The State Department has worked with China and the DEA to outlaw new opioid varieties as they crop up. And in November, the DEA temporarily changed all fentanyl analogs into Schedule I narcotics — dangerous drugs without any medical use, equivalent to heroin. (Fentanyl itself, widely used to treat pain in cancer patients, is a Schedule II drug with medical uses.) Until then, prosecutors had to overcome legal hurdles to convicting people selling analogs not listed under the Controlled Substance Act, sometimes ordering them straight from the lab in China.

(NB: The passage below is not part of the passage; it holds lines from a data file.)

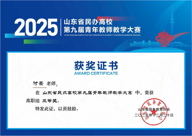 近日,在山东省民办高校第九届青年教师教学大赛中,信息工程学院付豪老师凭借扎实的专业功底、精湛的教学技艺与出色的现场表现,在比赛中脱颖而出,荣获三等奖。
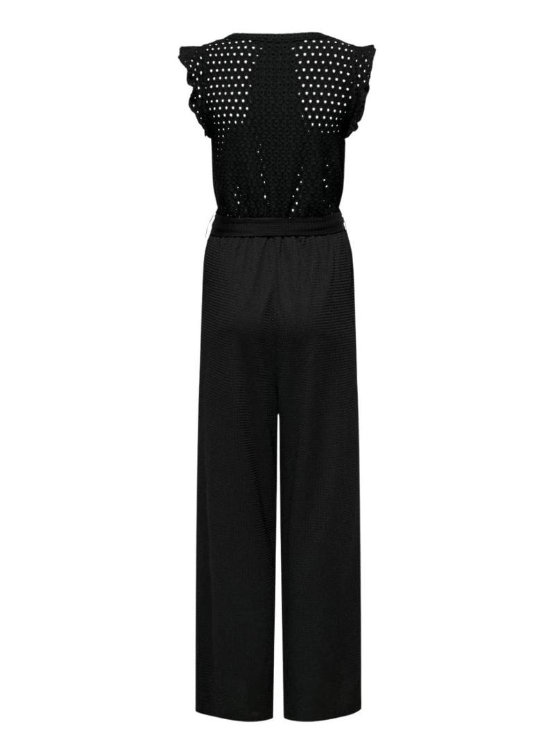 Macacão Only . Modelo Elisa. Cor preta. Fecho frontal com botões. Cinto na cintura que realça a silhueta. Detalhes de babados volumosos. Perna larga. Mangas com babados.
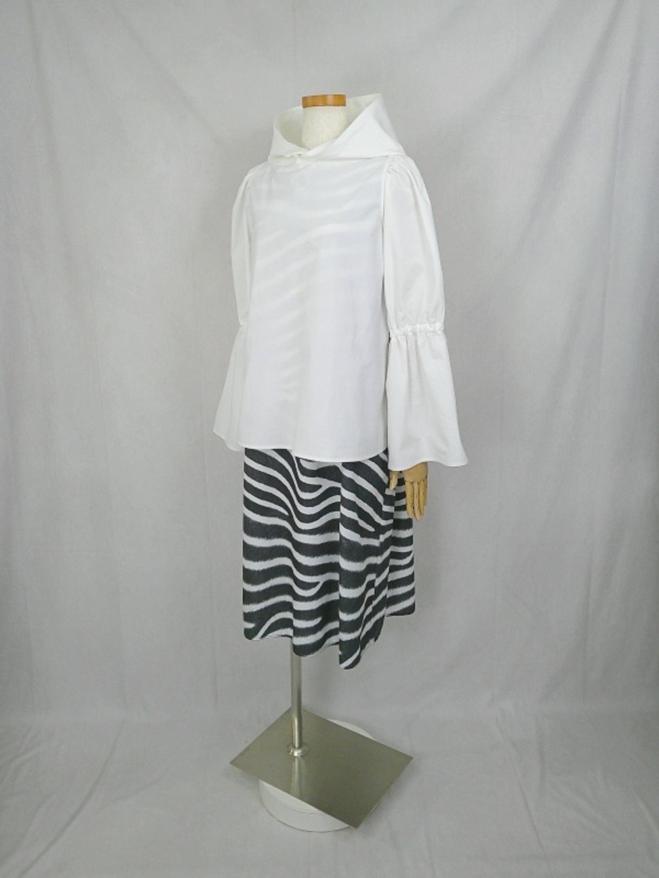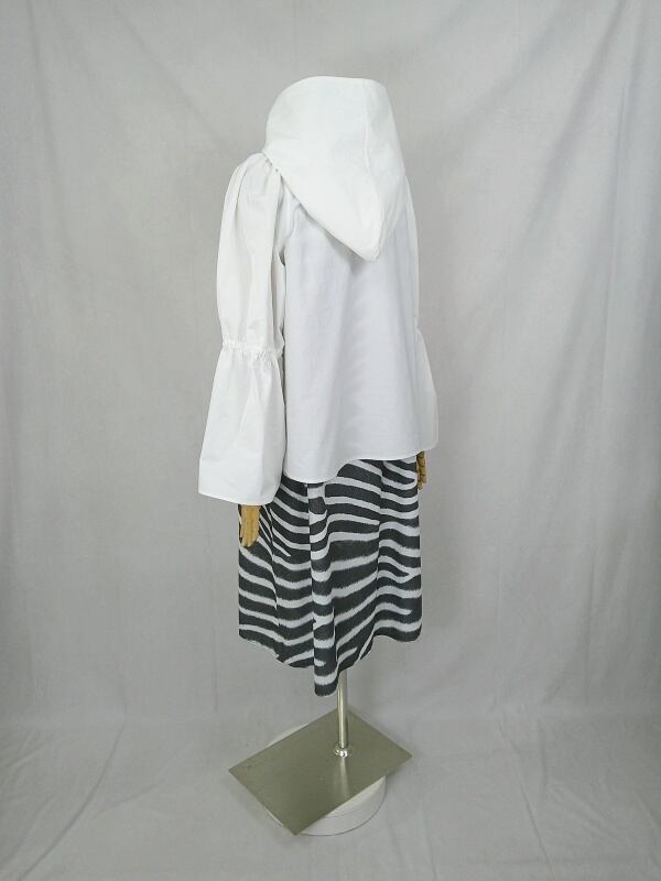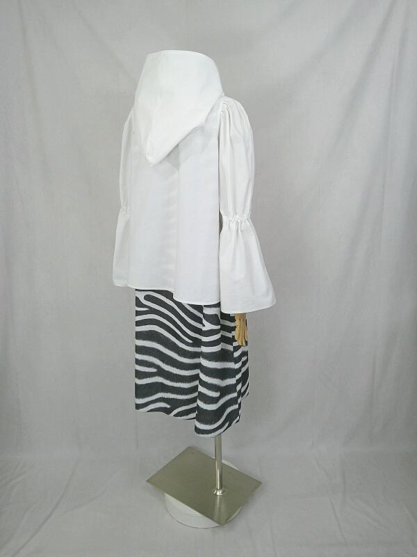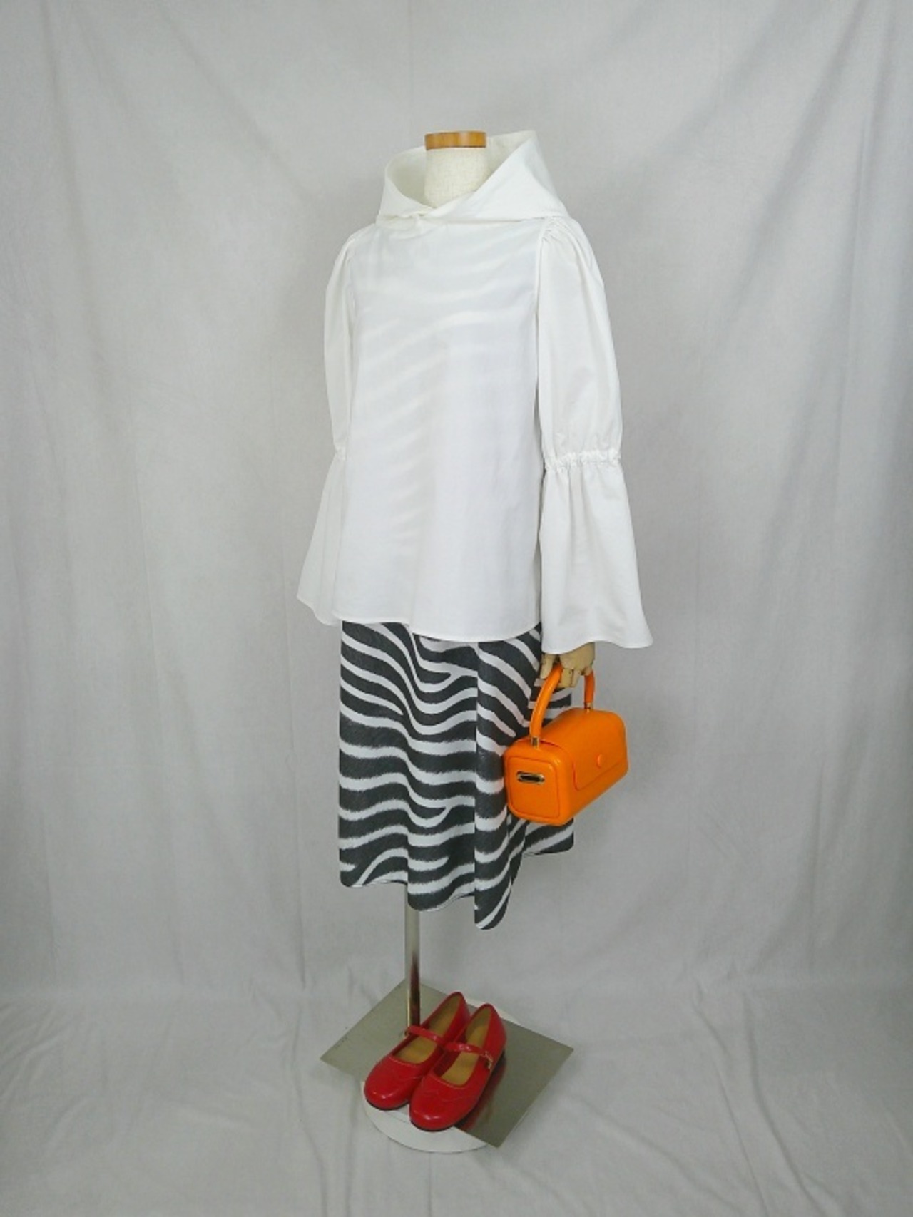 白色のすっきりとしたフードブラウスは、ひじの切り替え部分に施した少し大きめのベルスリーブのふんわり感が、大きめフードとともにかわいらしさを生み出し、控えめに広がるゼブラ柄のミディ丈インナーワンピースとの組み合わせにより、高級感のある雰囲気を演出しています。
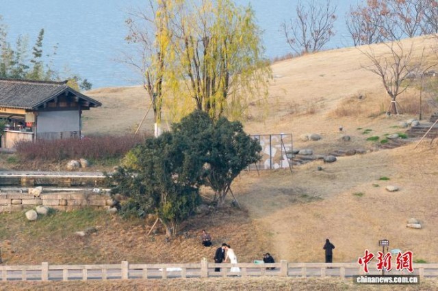 1月15日,一对新人在重庆巫山宁江渡生态公园拍摄婚纱照。中新社记者 何蓬磊 摄
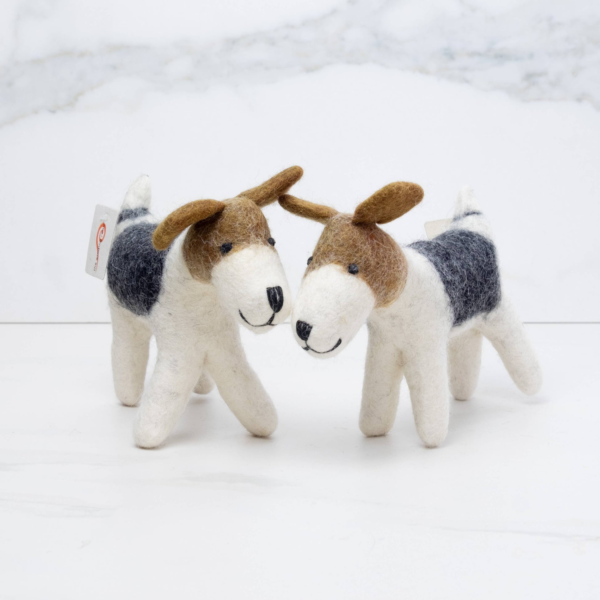 Our hand-felted dog, inspired by the Jack Russell Terrier, is sure to match its spirited and energetic personality in the hands of a child! Our felt doggies are the perfect toy companion to spark your storytelling or playtime adventures! Handmade with care in Kathmandu, Nepal in a small family-owned workshop that follows fair trade practices and strives to improve the standard of living for their artisans. Made from 100% organic wool and Azo free dyes. Approx. 5" High, 2.5" wide and 7" nose to tail.
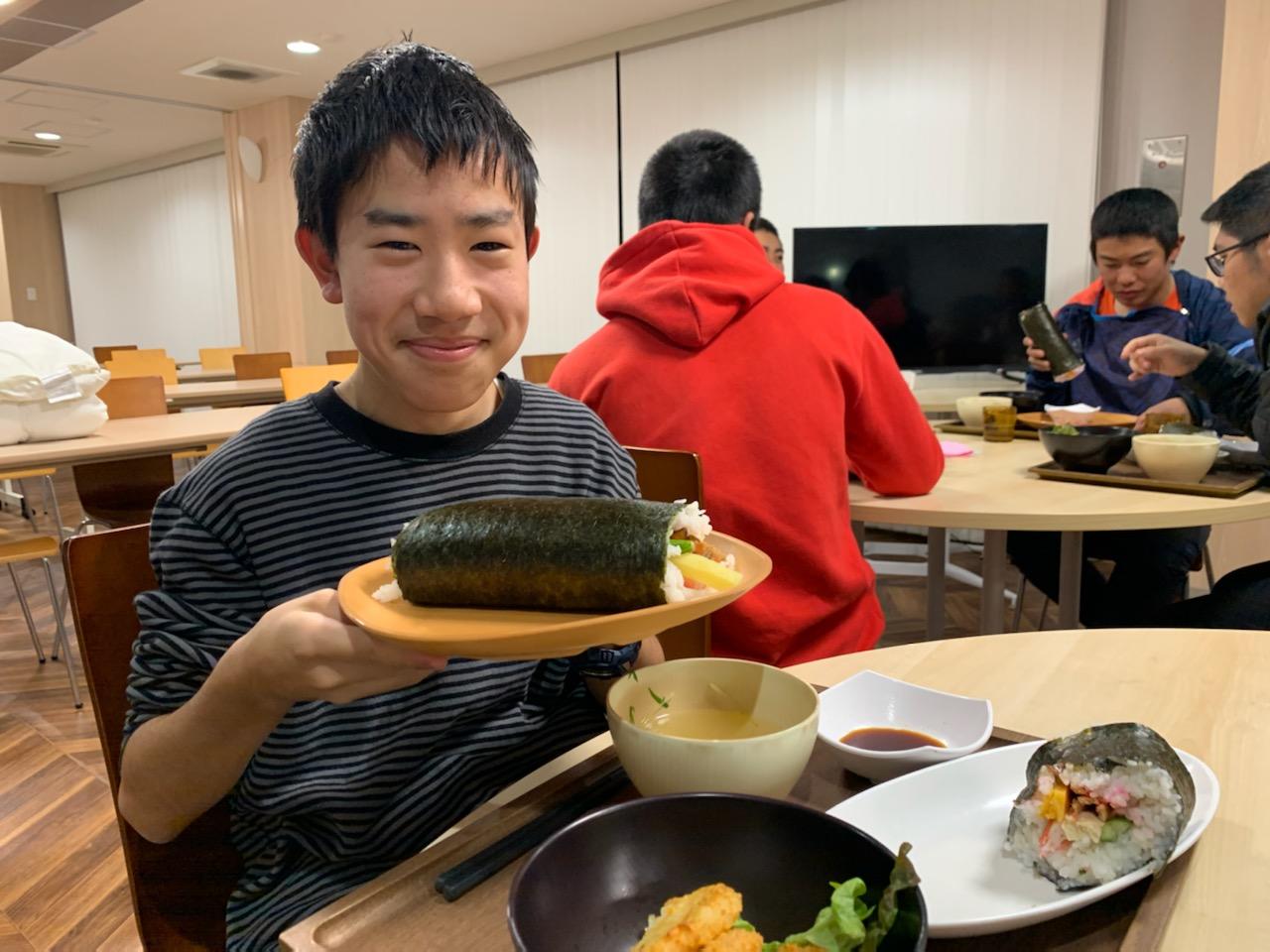 寮生たちは作法に従い、終始無言で恵方巻きを頬張っていました。
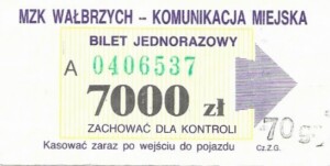 - Komunikacja Miejska w Wałbrzychu, herb miasta, logo ZDiK pod ceną, pomarańczowy numerator, srebrny hologram, w tym 7% VAT:
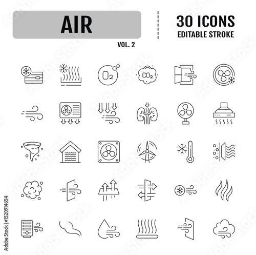 Air line editable icon set. Containing ventilation, air conditioner, fan, wind, blow, oxygen, breathe, CO2, pollution and more. Vector illustration
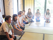 地域の能楽団体「羽茂昭諷会」の方に能楽を教わり、草刈神社の乙祭の前座で仕舞を披露します。能舞台(小泊白山神社能舞台)をお借りしてお稽古をつけていただきます。また、能楽を学ぶ以外にも、民謡「佐渡おけさ」を教わったり、佐渡に数多く伝わる民話を語り部さんにお話いただくなど、佐渡の豊かな文化を味わい地域の方との交流を深められる機会も設けています。学生たちはコテージタイプの宿舎に泊まりこみながら、共同生活を送ります。
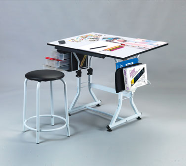 The Ashley Creative Center is an ideal choice for artists, crafters and hobbyists when space is a consideration. The white melamine top measures 23.5” x 35.5”and rests on a sturdy tubular steel white powder-coated frame. The Ashley will easily adjust from 0 -45° with a simple one-hand tilt mechanism while height can incrementally be modified from 26” – 30.5” from the flat position. Tools can conveniently be stored in the three (3) drawer side unit while rolls and pads can rest in the foldable side rack. Padded stool is included.
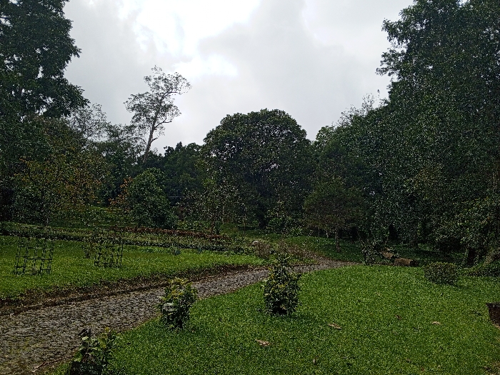A lush green garden, partly on a slope, features well-manicured grass in the foreground. Young plants, some in protective cages, cover the sloped area. A muddy path or field divides the grass from these plants. Dense trees form a backdrop, their foliage obscuring much of the sky, which is overcast with grey clouds, suggesting a cloudy day.
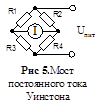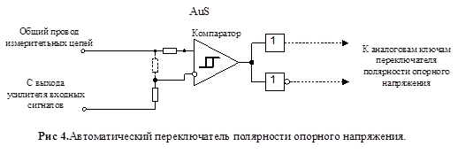 2.2. Схема автоматического переключения полярности опорного напряжения. Схема состоит из "hight-speed"-компараторов и двух буферов, один из которых - инвертирующий. Схема сравнивает полярность входного сигнала относительно "измерительной земли", и при различной полярности воздействует на аналоговые ключи К1 и К2 (Рис. ), изменяя полярность опорного напряжения относительно "измерительной земли" на ту же, что имеет входной сигнал. 2.3. Источник опорного напряжения Источник опорного напряжения использует свойство моста Уитстона - стабильность тока разбаланса моста, при неизменных значениях сопротивлений плеч моста, т.е. Ip =0 при R1*R3=R2*R4(см. Рис. 5 ). |
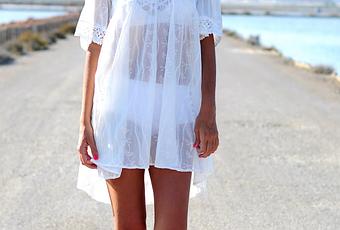 Y es que el otro día al volver de la playa de las Salinas, decidimos parar un momento para ver el paisaje, y el sitio donde nos hicimos las fotos de la postboda.Y como había una luz taaan bonita y llevábamos la cámara en el coche, decidimos hacer una sesión de fotos. Con mi pelo alborotado de playa, arena aun en los dedos y solo un poco de bálsamo en los labios. Y el resultado de las fotos la verdad es que me encanta ¡mi maridi sabe buscarme el lado bueno! Me encanta este vestido blanco transparente para ir a la playa, y debajo llevo el bikini blanco que os enseñé y tanto os gustó en el lookbook de bikinis. Con las gafas de sol que no dejo de ponerme y la corona de flores creo que se crea un look boho chic perfecto para después de la playa ¡espero que os guste!
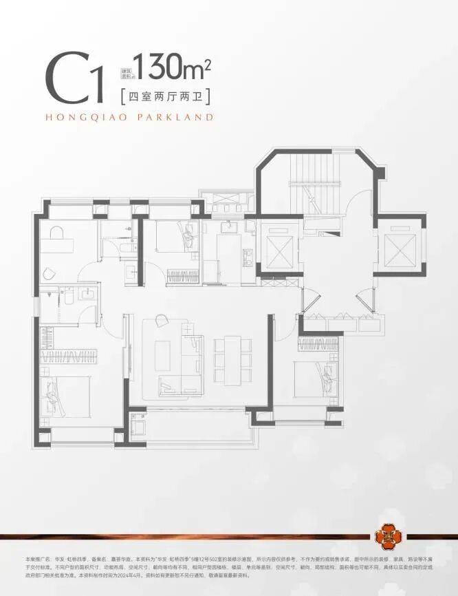 建面约130m²四房两厅两卫,总价约735万起,改善置业一步到位!可以说是外环外改善置业王炸产品!飞机户型、约6.1米宽景横厅、LDK一体化设计、双明卫生间、高附赠飘窗设计,可以说将采光、景观视野、居住舒适度都做到极致。完全可以满足三代同堂、二胎家庭的居住空间需求,绝对不容错过!
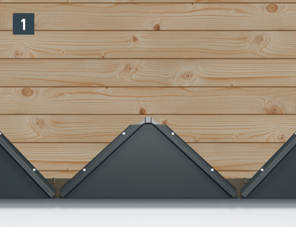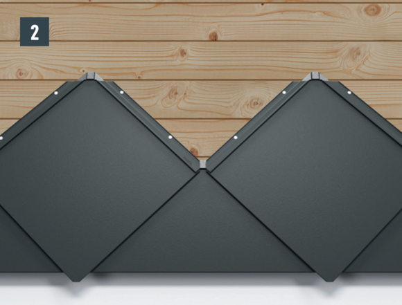 Chaque losange de façade 44 × 44 est fixé directement par des clous annelés 2,8/25 fournis et insérés dans le trou de montage pré-percé.
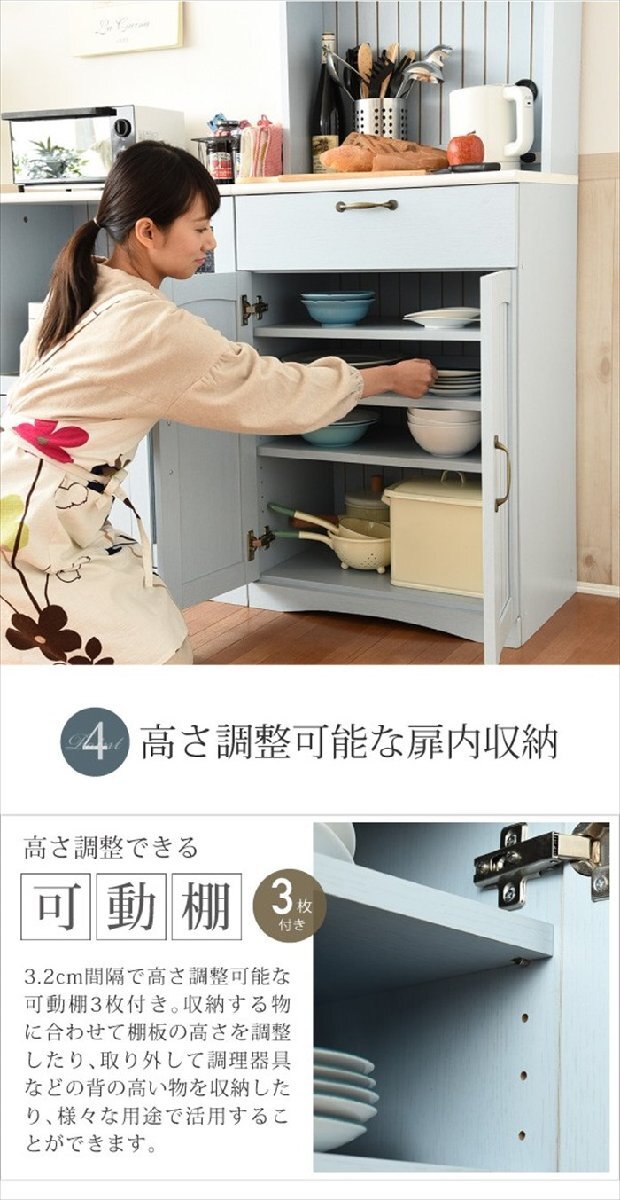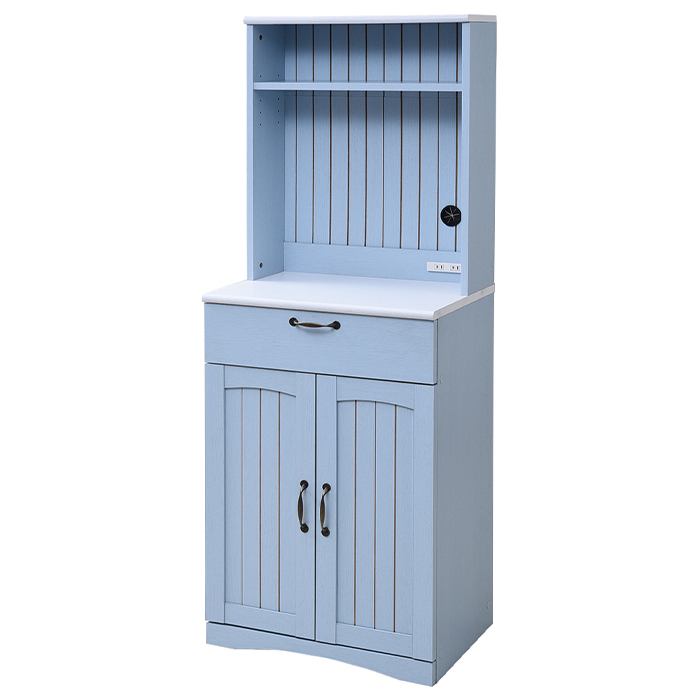 | バイカラーで魅せるフレンチカントリースタイルのカップボード。 コンパクトサイズなので一人暮らしにも最適。 オープン部は2口コンセント付だから、トースターなどの調理家電の収納に便利。 上段には、可動棚があるので、調味料などの小物収納に最適。 下段は、引き出しと扉収納で、カトラリーから食器類をしっかり収納出来ます。 丸みを帯びたフォルムと、アンティーク調の取っ手といったディテールがカントリーテイストを漂わせます。 |
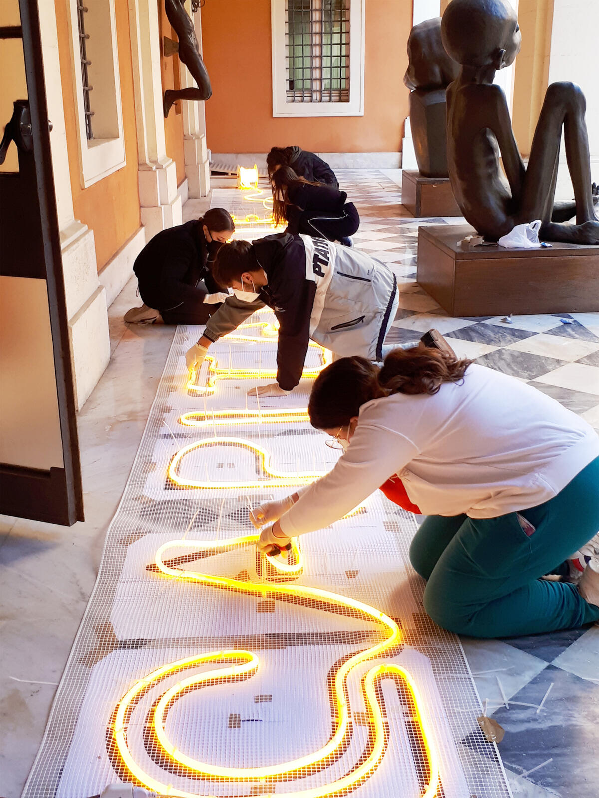 Gli alunni delle classi 4L e 5B, in attività di PCTO, hanno seguito tutte le fasi, dalla progettazione alla decisione dei materiali da utilizzare, fino alla realizzazione dell’installazione lavorando direttamente con le maestranze.
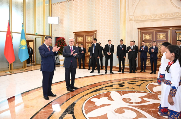 当地时间6月16日中午,国家主席习近平乘专机抵达阿斯塔纳,应哈萨克斯坦共和国总统托卡耶夫邀请,出席第二届中国—中亚峰会。这是在机场贵宾楼内,两国元首共同欣赏哈萨克斯坦少年儿童的文艺表演。(新华社记者 谢环驰 摄)

“By scheduling all fentanyls, we empower our law enforcement officers and prosecutors to take swift and necessary action against those spreading these deadly poisons,” Attorney General Jeff Sessions said in a November statement.

But the Pandora’s box of fentanyl has already been opened in places hard hit by the overdose crisis, particularly the East Coast and Appalachian states where heroin is sold as a powder easily adulterated with fentanyl. The various analogs have led to heroin products that come in colors ranging from green to yellow to “grey death.”

“A lot of people don’t know what’s in what they are buying, but it’s the new normal,” filmmaker Mark Floyd told BuzzFeed News. In recovery from a heroin use disorder, he made a short YouTube video with a colleague in February in which they compared the time it takes to buy heroin in Hanford, Connecticut, against the time to order a hamburger at a McDonald’s drive-thru.

“A lot of people don’t know what’s in what they are buying, but it’s the new normal.”

It was basically a tie: 8 minutes for a hamburger vs. 10 minutes for heroin, which Floyd hurriedly flushed down a toilet. “It’s very dangerous for people in recovery to be around heroin,” he said. “But we wanted to do something to show how easy it is to get.”

The true geographic origin of fentanyl may not matter as much as the circumstances that demanded its appearance — huge numbers of people physically dependent on opioids who turned to an illicit market. Roughly 11.5 million people misuse prescription painkillers and 948,000 people use heroin, according to federal survey data.

Confronted by those huge numbers, “there might be no answer,” to exactly where the US fentanyl crisis started, said Carroll the medical epidemiologist.

Burgos, the Rhode Island drug dealer charged in the 2013 acetyl fentanyl cases, faced two charges, each carrying prison terms of 20 years. He pleaded guilty, and was sentenced to three years in prison.


CORRECTION

The Canadian Community Epidemiology Network on Drug Use was misidentified in an earlier version of this post.

CORRECTION

The story has been corrected to indicate the recovery status of Mark Floyd. An earlier version of the story misstated his name.

CORRECTION

Floyd's colleague did not have a history of addiction, as was implied in an earlier version of this story and which was mischaracterized in the previous correction.